The day's biggest Irony Alert: Inmate Number 05635-509, an unrepentant blowhard who just won't shut up, who brags nothing can shut him up though he's going to prison because he was too scared to talk under oath and will now have only fellow inmates to spout his white nationalist gibberish to, who's been making the rounds to mainstream media he supposedly despises to proclaim, "I'm proud of going to prison, I have (no) regrets, I've served my country/dedicated my life to this, I'm a political prisoner, I'm at war with the ruling class" - this scumbag theatrically arrived at his glorious destination Monday eager to make more martyred declarations only to be promptly, unceremoniously, ingloriously drowned out by gleeful, smirking non-believers led by "ruckus royalty Anarchy Princess" whooping, shouting, clanging cowbells, banging noisemakers, and disrespectfully chanting "Lock Him Up!" so loud nobody could hear his lofty oratory. Dude. Bummer.

In his hour of need, Bannon was accompanied by loyal fan-girl Marjorie Taylor Greene - "I see Stevie brought his pony with him - give her an apple and (she'll) follow you anywhere" - who was met with the Jasmine-Crockett-inspired sign, “Bleach-Blonde, Bad-Built Butch Body.” The ever-outraged MTG has called Bannon’s conviction "a disgrace to our country and an affront to the principles of justice it was founded upon," though it's unclear why she thinks prosecuting someone for violating the law is an affront to our principles of justice. It's also unclear what her alleged constituents think of the fact she's evidently never in their state, or why - see racket made by aforementioned cowbells - she was nonsensically screeching, "Where are the Democrats?! Where are they?!" While Bannon does his time, both Greene and frenemy Lauren 'Groping-while-Vaping' Boebert will reportedly be among War Room guest hosts, so let the good idiot times roll on.

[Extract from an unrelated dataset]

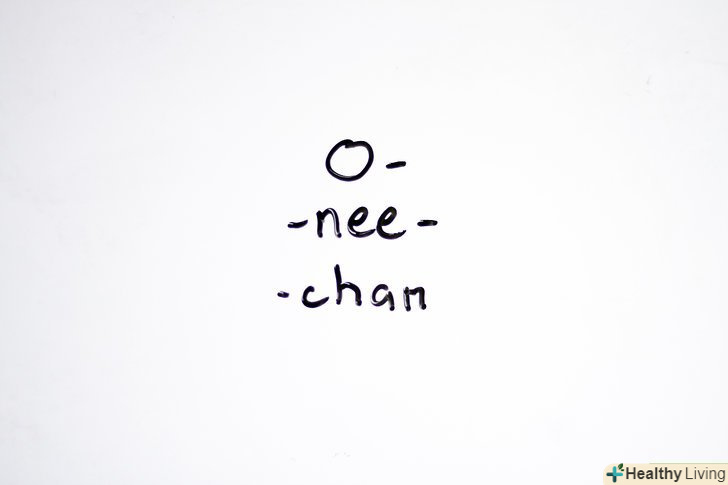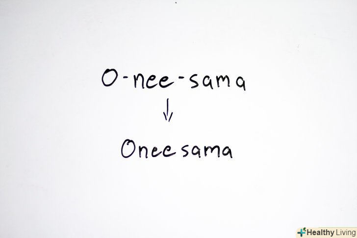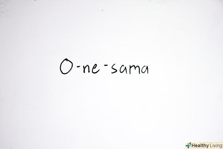 Розбийте слово на частини.тут є деякі елементи, призначення яких варто знати. У японській мові Іменні суфікси (суфікси, що позначають статус і повагу до людини) дуже важливі. Буде краще, якщо ви навчитеся в них розбиратися.- "O -" - цей префікс вказує на шанобливе ставлення до людини або предмету. В інших словах, що позначають сестру, цей префікс можна і опустити, але якщо ви вчините так само зі словом "oneesama" через те, що...

Relishing the unfolding spectacle of the new movie, "MAGA: One Incarceration At A Time," observers entertained themselves by making up new titles: "The Turd Man Of Alcatraz, The Man In The Un-Ironed Mask, Cruel Hand Fluke." Many had questions: "Is he LOCK HIM UPPED yet? Will that greasy sack of meat sweat learn to make toilet wine before the DTs get him? Do they get to shave his hair to prevent lice? If you remove the lice and cockroaches, is there anything left? Will they let him wear three jumpsuits?" Given Bannon's boast the "MAGA army" won’t "stop until final victory," some wondered if they'd swooped in yet to rescue him. Rumors swirled: "MEAL Team Six tried, but they were kicked out of their Denny's meeting place." A common sentiment amidst the furor: "Shut up and go to prison already. I don’t want to see him go to prison. I don’t want to see him at all." Also, "It’s nice to know he’ll be there for a bit, though."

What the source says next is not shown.